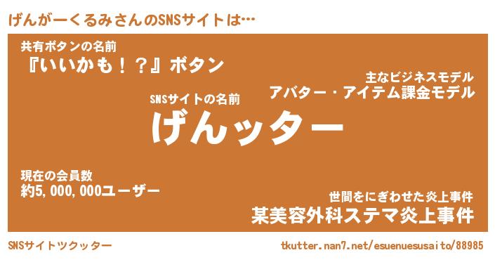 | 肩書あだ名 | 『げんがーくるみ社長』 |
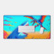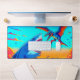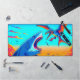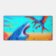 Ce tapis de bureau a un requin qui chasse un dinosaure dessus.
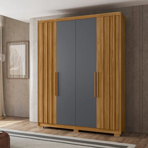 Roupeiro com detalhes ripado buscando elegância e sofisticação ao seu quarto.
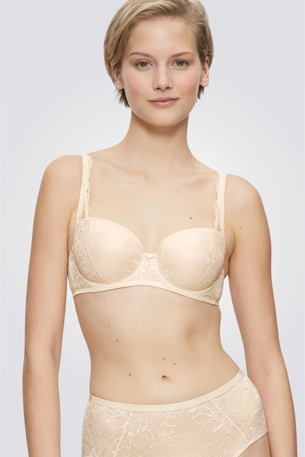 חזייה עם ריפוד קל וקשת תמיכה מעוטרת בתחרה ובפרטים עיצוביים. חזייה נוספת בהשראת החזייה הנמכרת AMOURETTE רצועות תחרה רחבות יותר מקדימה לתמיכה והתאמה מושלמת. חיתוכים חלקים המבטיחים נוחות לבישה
...
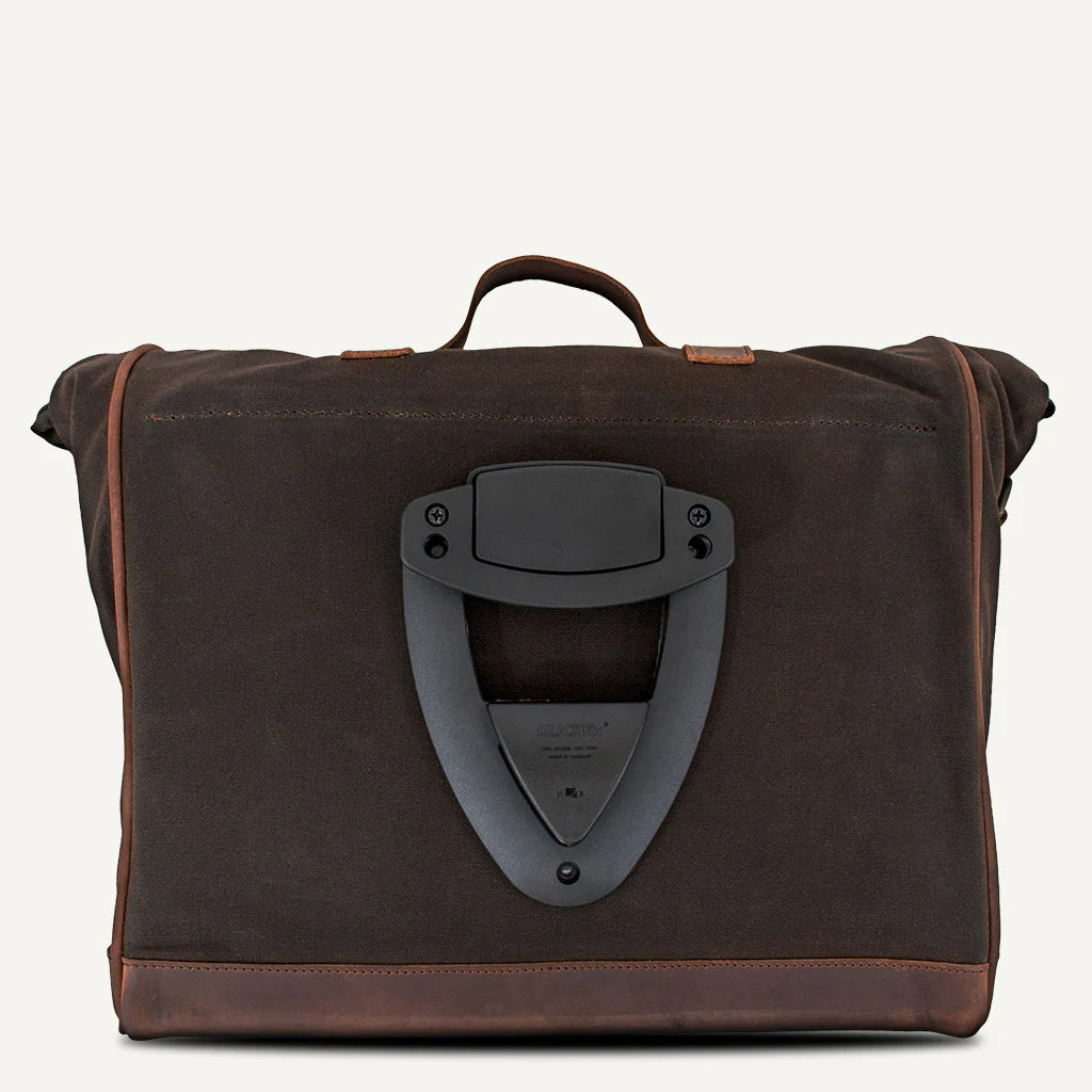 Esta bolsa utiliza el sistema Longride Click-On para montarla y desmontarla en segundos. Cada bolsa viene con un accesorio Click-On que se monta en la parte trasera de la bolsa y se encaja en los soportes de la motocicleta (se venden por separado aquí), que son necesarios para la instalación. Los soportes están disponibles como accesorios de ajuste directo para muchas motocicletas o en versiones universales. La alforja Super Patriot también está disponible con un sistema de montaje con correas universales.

→ What to produce
From the data above, return exactly the lines from the one with "肩書あだ名 | 『げんがーくるみ社長』 |" up to and including the one with "חזייה עם ריפוד". Pictures do not go in the copy.

→ Task solution
 | 肩書あだ名 | 『げんがーくるみ社長』 |
 Ce tapis de bureau a un requin qui chasse un dinosaure dessus.
 Roupeiro com detalhes ripado buscando elegância e sofisticação ao seu quarto.
 חזייה עם ריפוד קל וקשת תמיכה מעוטרת בתחרה ובפרטים עיצוביים. חזייה נוספת בהשראת החזייה הנמכרת AMOURETTE רצועות תחרה רחבות יותר מקדימה לתמיכה והתאמה מושלמת. חיתוכים חלקים המבטיחים נוחות לבישה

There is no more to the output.